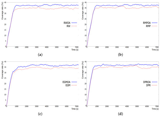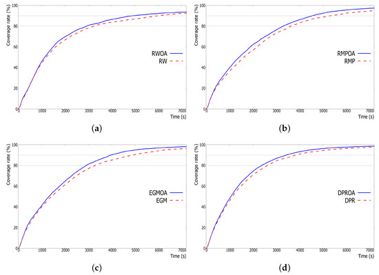 Coverage rate results with/without Overlap Avoidance: (a) Random Waypoint; (b) Random Markov Process; (c) Enhanced Gauss–Markov; and (d) Distributed Pheromone Repel.
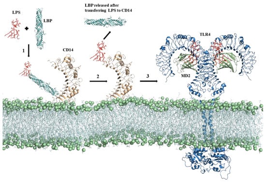 The binding mechanism of LPS for TLR4 activation. A series of events takes place prior to LPS recognition by the TLR4-MD2 complex. (1) LBP extracts LPS from the bacterial membrane and (2) transfers it to membrane anchored CD14, where it binds to the hydrophobic pocket located at the N terminus and forms a monomeric complex. (3) CD14 facilitates LPS transfer to the TLR4-MD2 complex where it initiated the intracellular pathway.
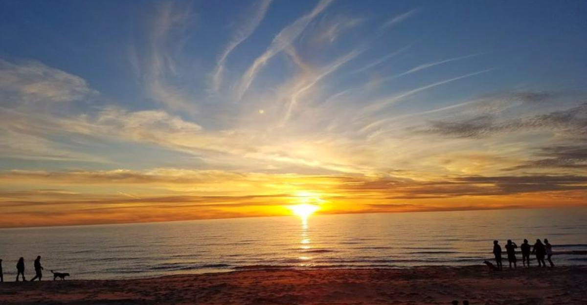 In a tiny village along Lake Michigan, the sunsets don’t just look good – they stop people mid-sentence. The sky shifts through orange, pink, and deep purple, the waves roll in quietly, and first-time visitors usually just stand there, taking it all in.
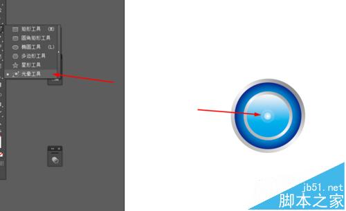 5、再选择光晕工具,在圆形上面画一个光晕,如图所示
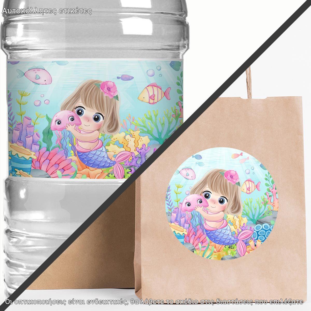 Αυτοκόλλητη ετικέτα Μωρό γοργόνα με μέδουσα
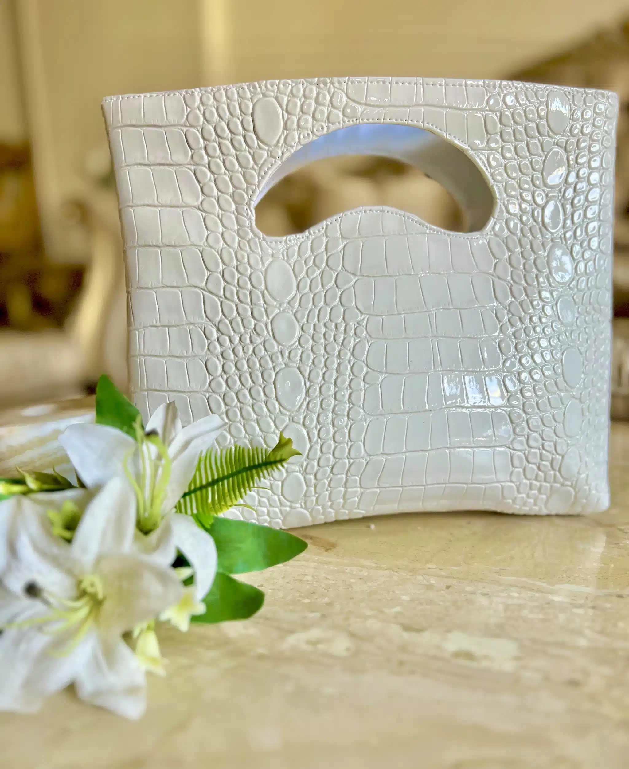Crocova Pearl – Cutout Handle Clutch.
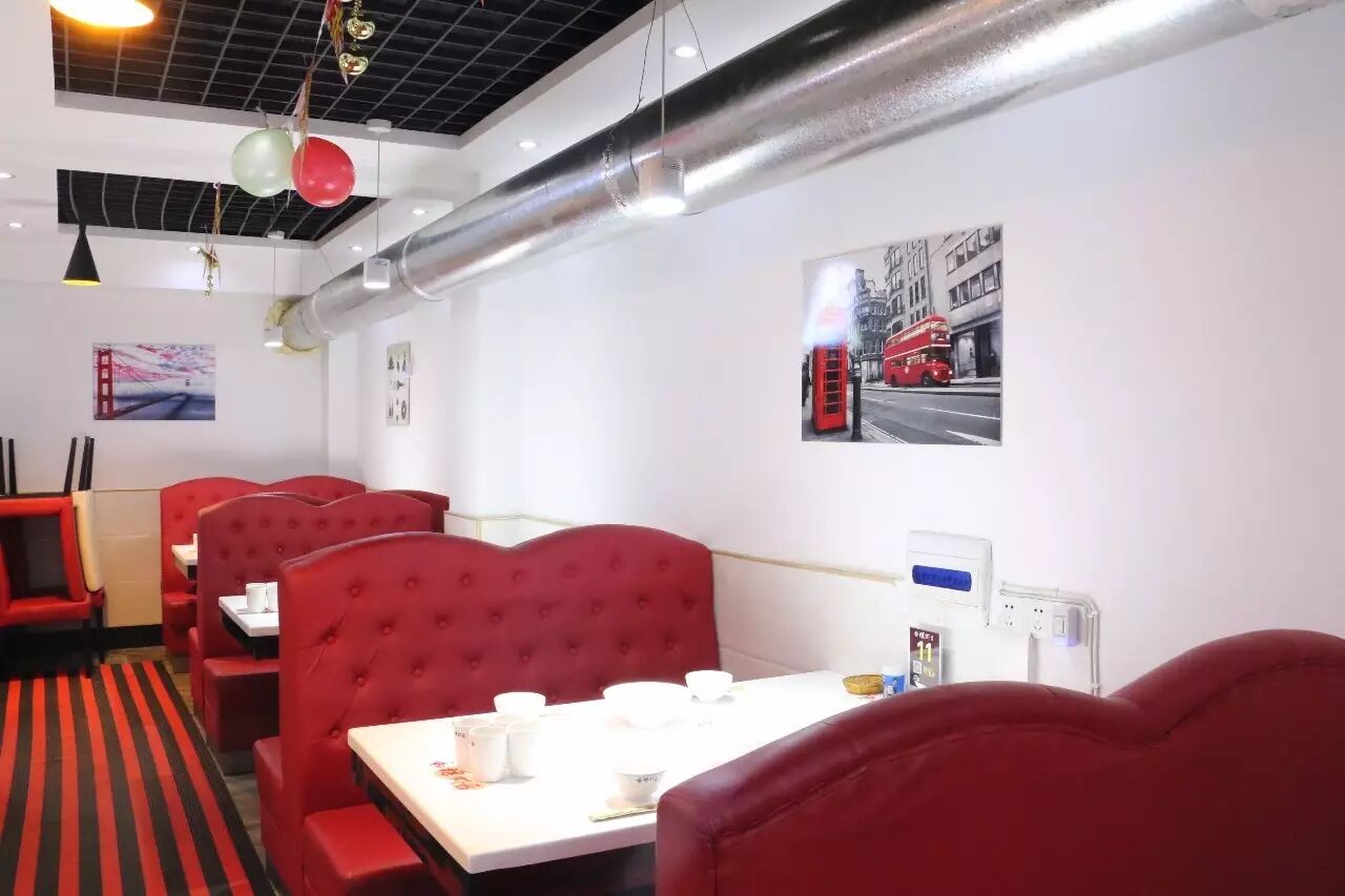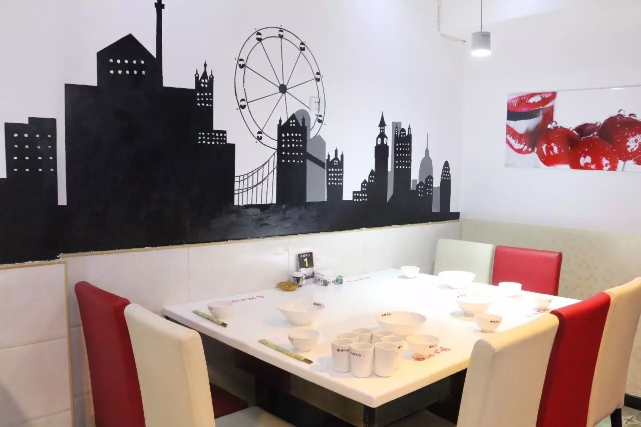红、黑、白——三种简洁的颜色,凸显出整个餐厅的大气
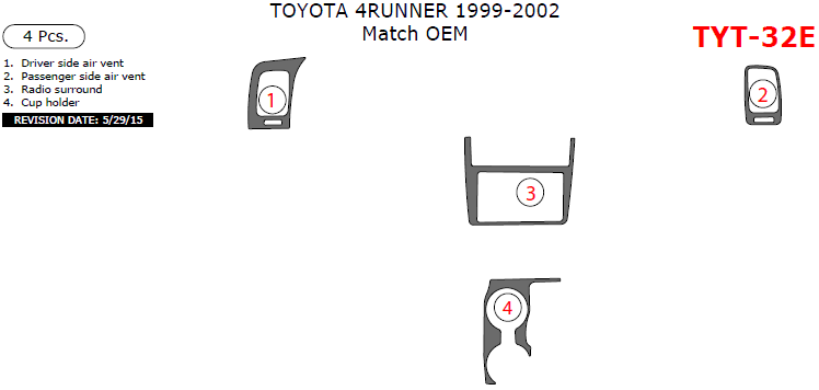 Toyota 4Runner 1999, 2000, 2001, 2002, Interior Dash Kit, Match OEM, 4 Pcs.
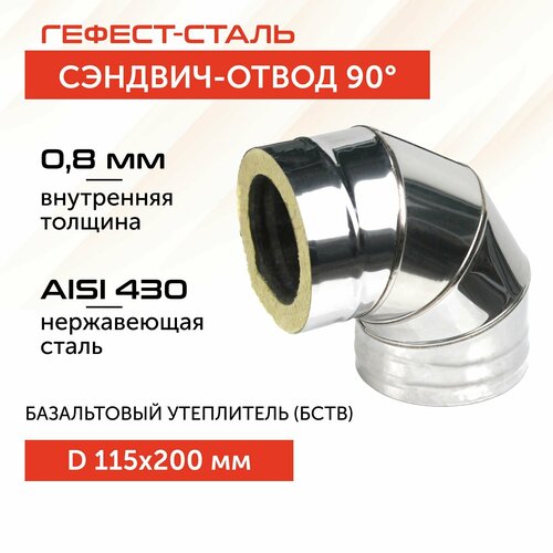 Отвод-термо 90*, 115х200, AISI 430/430, 0,8мм/0,5мм, (К)
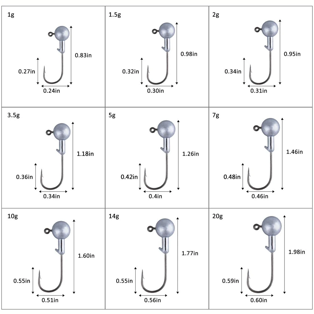 1g -50 Uds.1,5 g -50 piezas2g -50 Uds.3,5 g -50 piezas5g -50 Uds.7g -50 Uds.10 g -40 piezas14 g -30 piezas20g -20 piezasEmbalaje: ganchos de plantilla + bonita caja de plástico.
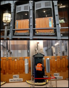Der Gegensatz könnte kaum größer sein. Der Aufzug gilt als das technisch sicherste Transportmittel überhaupt; für die Statistik ist Treppensteigen gefährlicher. Trotzdem gibt es in den USA Spezialkliniken für Liftphobien.
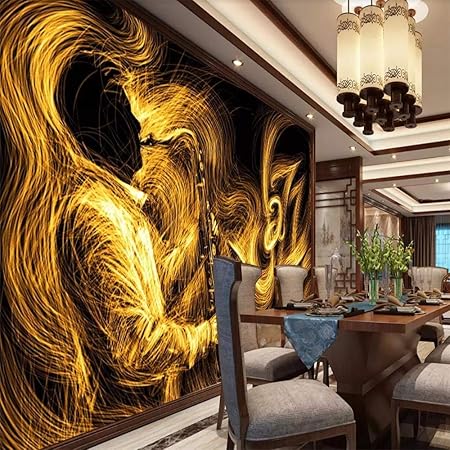 Papier Peint 3d Musique De Jazz Saxophone Dore Abstraite Moderne
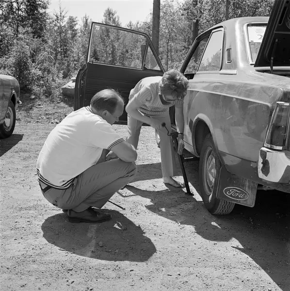 Damenes Trafikkløp, bil, mann, kvinne med jekk, hjulskift
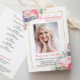 Este elegante programa memorial apresenta bonito flores de aquarela que enquadram a foto do seu amado. O dentro apresenta duas fotos adicionais ao lado do obituário, a ordem de serviço, o texto do arranjo, os reconhecimentos e as informações de recepção do funeral, se desejado. Este programa pode ser personalizado ainda mais clicando no botão "ferramenta design" na parte inferior da caixa de personalização, se desejar.

════════════════════

REQUIRED ACTION: Reproduce every entry word for word, but omit the pictures.

RESULT OF THE EXERCISE:
 Coverage rate results with/without Overlap Avoidance: (a) Random Waypoint; (b) Random Markov Process; (c) Enhanced Gauss–Markov; and (d) Distributed Pheromone Repel.
 The binding mechanism of LPS for TLR4 activation. A series of events takes place prior to LPS recognition by the TLR4-MD2 complex. (1) LBP extracts LPS from the bacterial membrane and (2) transfers it to membrane anchored CD14, where it binds to the hydrophobic pocket located at the N terminus and forms a monomeric complex. (3) CD14 facilitates LPS transfer to the TLR4-MD2 complex where it initiated the intracellular pathway.
 In a tiny village along Lake Michigan, the sunsets don’t just look good – they stop people mid-sentence. The sky shifts through orange, pink, and deep purple, the waves roll in quietly, and first-time visitors usually just stand there, taking it all in.
 5、再选择光晕工具,在圆形上面画一个光晕,如图所示
 Αυτοκόλλητη ετικέτα Μωρό γοργόνα με μέδουσα
Crocova Pearl – Cutout Handle Clutch.
红、黑、白——三种简洁的颜色,凸显出整个餐厅的大气
 Toyota 4Runner 1999, 2000, 2001, 2002, Interior Dash Kit, Match OEM, 4 Pcs.
 Отвод-термо 90*, 115х200, AISI 430/430, 0,8мм/0,5мм, (К)
 1g -50 Uds.1,5 g -50 piezas2g -50 Uds.3,5 g -50 piezas5g -50 Uds.7g -50 Uds.10 g -40 piezas14 g -30 piezas20g -20 piezasEmbalaje: ganchos de plantilla + bonita caja de plástico.
Der Gegensatz könnte kaum größer sein. Der Aufzug gilt als das technisch sicherste Transportmittel überhaupt; für die Statistik ist Treppensteigen gefährlicher. Trotzdem gibt es in den USA Spezialkliniken für Liftphobien.
 Papier Peint 3d Musique De Jazz Saxophone Dore Abstraite Moderne
 Damenes Trafikkløp, bil, mann, kvinne med jekk, hjulskift
 Este elegante programa memorial apresenta bonito flores de aquarela que enquadram a foto do seu amado. O dentro apresenta duas fotos adicionais ao lado do obituário, a ordem de serviço, o texto do arranjo, os reconhecimentos e as informações de recepção do funeral, se desejado. Este programa pode ser personalizado ainda mais clicando no botão "ferramenta design" na parte inferior da caixa de personalização, se desejar.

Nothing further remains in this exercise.